At the end of the corridor was an elevator. The door was just sliding shut. “Hold that, please,” said Kristin crisply. A West Indian man in an orderly’s coat held the door, which slid back. “Thank you.”
The door was just closing again when the screaming began. “Man! What is that?” the man said, reaching for the buttons.
Kristin’s hand intercepted his, slapping it lightly. “Sorry,” she said. “But this is an emergency.”
The door shut, cutting off the tumult. The first-floor button was lit. Kristin reached forward and pressed “B.”
“An emergency…in the basement?” the man queried.
“Didn’t you hear?” said Kristin with a slight smile. “The new isolation unit’s down there. Only for incredibly contagious patients.”
The floor bell dinged, and the man left fast without another word. “Sorry,” said Kristin, spreading herself to stop someone boarding. “Occupied.”
The door closed. The elevator plunged on. “She’s very forceful, isn’t she?” Sky whispered from beneath the sheet.
“You should see her as a lynx,” came the reply from above.

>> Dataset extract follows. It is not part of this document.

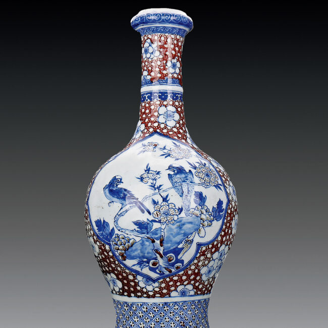 清 康熙 青花釉裏紅開光花鳥紋瓶

“Shh!” Kristin hissed, just as the elevator stopped. The door opened, and she nudged the trolley into the basement. “No one,” she said, peering. She steered out into the corridor, managed a corner with difficulty.
“Where now?” Sky asked. But his words were lost in the sudden blaring of the alarm bell.
“I wonder what that’s for?” shouted Kristin. “As if I didn’t know.”
They all heard footsteps running nearby. A man called, “I’ll get onto the front desk.”
Kristin took a turn down another corridor, this one worse lit, with older wooden shelves piled with dusty equipment, followed by several rooms whose walls were made of meshed metal. “Aha!” she said, jerking the trolley to a stop. “Sky!”
“Yes?” they both replied.
“Hop off and open that door!”
They both began to slide off. Each stopped when he saw the other move. “Which one?” they said together.
“You, Sky…no, you, Sky! Ach!” she grunted. “This is so confusing.”
One Sky raised his hand. “Why don’t I be ‘Body-Sky’? Since I was the one in the hospital? So you’ll be—”
“Fetch-Sky!”
“Agreed. Now, one of you…move!”
Fetch-Sky raised a hand, slid off the bed. But as soon as he stood, his knees gave out from under him, and he had to catch himself on the rail of the bed. “I’m not doing so good,” he muttered.
“Nor me,” said Body-Sky. He stood slowly, also holding tight, facing his Fetch. “Maybe if we both…”
Two of Sky’s hands reached forward, one from each body. Together, they grasped the handle, pushed it down. The door swung in, and they stumbled into the room. Kristin pushed the trolley between them, knocking over some cans that rolled away along the floor. Then, as she flicked a light switch, they let the door slam shut.